Si la Chine a des intérêts dans l’État d’Arakan, notamment par le biais de son initiative Belt and Road, les enjeux géopolitiques de l’Inde dans la région pourraient être plus importants. Le port en eau profonde de Kyaukphyu, qui fait partie du corridor économique Chine-Myanmar, offre à la Chine un accès direct à l’océan Indien, en contournant le détroit de Malacca. L’Inde craint que si elle contrôle ce port maritime stratégique, cela pourrait représenter un sérieux désavantage pour l’Inde dans la région.

L’État de Rakhine joue également un rôle crucial dans le projet de transport multimodal Kaladan, qui vise à relier le nord-est de l’Inde au reste du pays via la baie du Bengale, en passant par la capitale et le port maritime de l’État de Rakhine, Sittwe. L’Inde continentale n’est reliée aux États du nord-est, également connus sous le nom de « Sept sœurs de l’Inde », que par une étroite bande de terre au Bengale occidental appelée le Chicken’s Neck (ou corridor de Siliguri).

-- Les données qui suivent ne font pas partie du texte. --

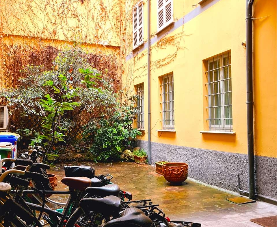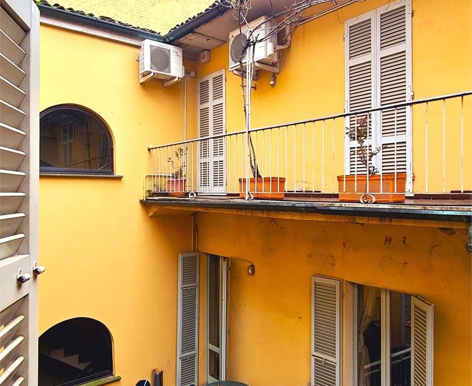 4) Appartamento di circa 116 mq. composto da soggiorno, sala da pranzo, cucina, 3 camere da letto, bagno e ampio terrazzo situato sopra il cortile interno. I pavimenti sono in marmette di graniglia, nel bagno e nel terrazzo in gres smaltato. I muri interni intonacati e tinteggiati, serramenti in legno con vetrocamera e persiane.

Une fois ce passage étroit bloqué, New Delhi perdra sa connexion terrestre directe avec une grande partie de son territoire, une connexion déjà fragile au départ.

Pour l’Inde, perdre l’accès au littoral de l’État de Rakhine serait un revers majeur, et il est donc peu probable que New Delhi permette à la Chine ou à toute autre puissance de dominer la région. Cette dynamique géopolitique donne à l’AA un moyen de pression, car la Chine et l’Inde ont toutes deux intérêt à entretenir de bonnes relations avec celui qui contrôle l’État de Rakhine.

Compte tenu de ces facteurs, l’État de Rakhine est bien placé pour devenir la première région véritablement autonome du Myanmar. La direction forte de l’AA, associée à sa capacité à naviguer dans le paysage géopolitique complexe de la région, la distingue des autres groupes ethniques du Myanmar. Si la route vers l’autonomie est semée d’embûches, la capacité unique de l’AA à résister à la fois au contrôle militaire du Myanmar et à l’influence étrangère lui donne une réelle chance de se forger un nouvel avenir pour l’État de Rakhine.

Le monde devrait suivre de près l’évolution de la quête d’autonomie de l’État de Rakhine. Elle pourrait remodeler non seulement la Birmanie, mais aussi la dynamique géopolitique plus large de l’Asie du Sud-Est.